2. Materials, Their Problems and Methods of Analysis

2.1. Roman Glass

All the analyzed artefacts were found in the necropolis of Oleggio (Italy) in a Roman sepulchral area archaeologically dated between the Augustan Age and the end of the first century A.D. The analyzed artefacts are mainly bottles of different shapes and usage which also reflect a distinction between accurate manufacturing and poor production.

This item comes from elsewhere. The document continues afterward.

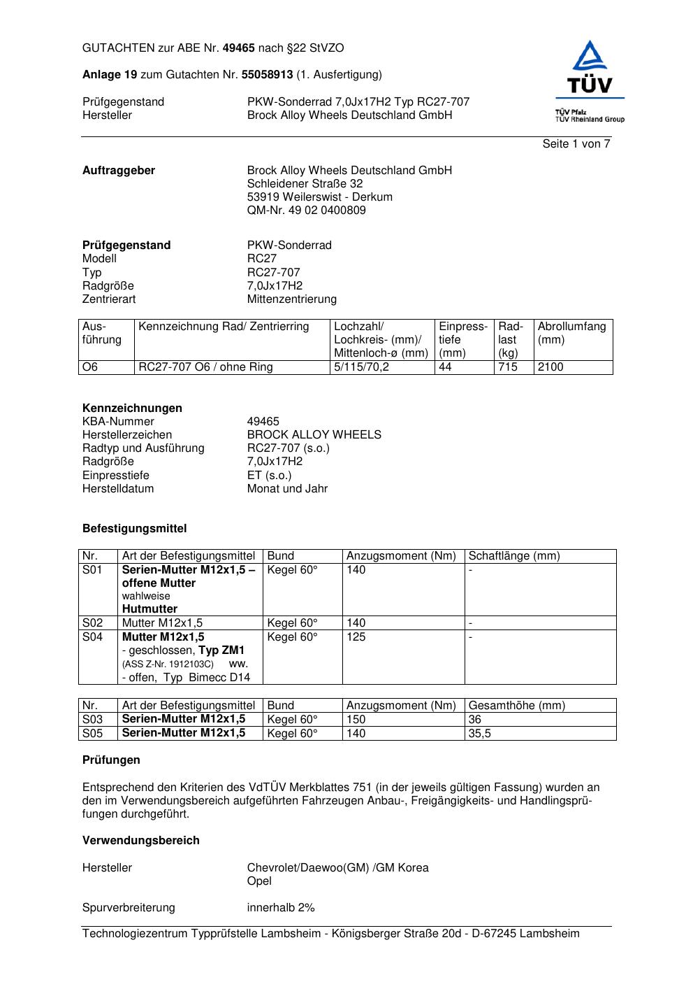 Dieses Gutachten (abe) bezieht sich auf die Alufelge Brock RC27-707 in der Ausführung 7Jx17 ET 0, Mittenloch 0 mm (KBA 49465). Im PDF findest du typischerweise zulässige Reifengrößen, Auflagen/Anbauhinweise und – je nach Dokument – Hinweise zur Eintragung.

2.2. Archaeological Glass Degradation

The main degradation process of archaeological glass is the leaching out of alkali ions from the glass network [10]. This phenomenon is strictly connected to the burial conditions and to the amount of Sodium and/or Potassium in the glass itself [11]. Alkali migrates towards the surface moving through the 3D silicon-oxygen network and they are replaced by hydrogen ions coming from the water molecule. Those de-alkalinized layers are usually silica-rich and hydrated [10]. The formation of distinct and overlapping leached layers results in a final crust with thickness varying from 1 µm to 25 µm [12]. These thin layers are irregular, slightly separated and can peel or flake. The layers produce optical interference resulting in iridescent colours typical of ancient glass. These high hygroscopic layers can cause condensation processes which promote further weathering. In general, according to the degradation level, weathered glass can have several visual effects, beyond iridescence: dulling, opaque weathering, a total loss of glassy nature, pitting, cracking of the surface, and discoloration (Figure 1a,b) [13,14].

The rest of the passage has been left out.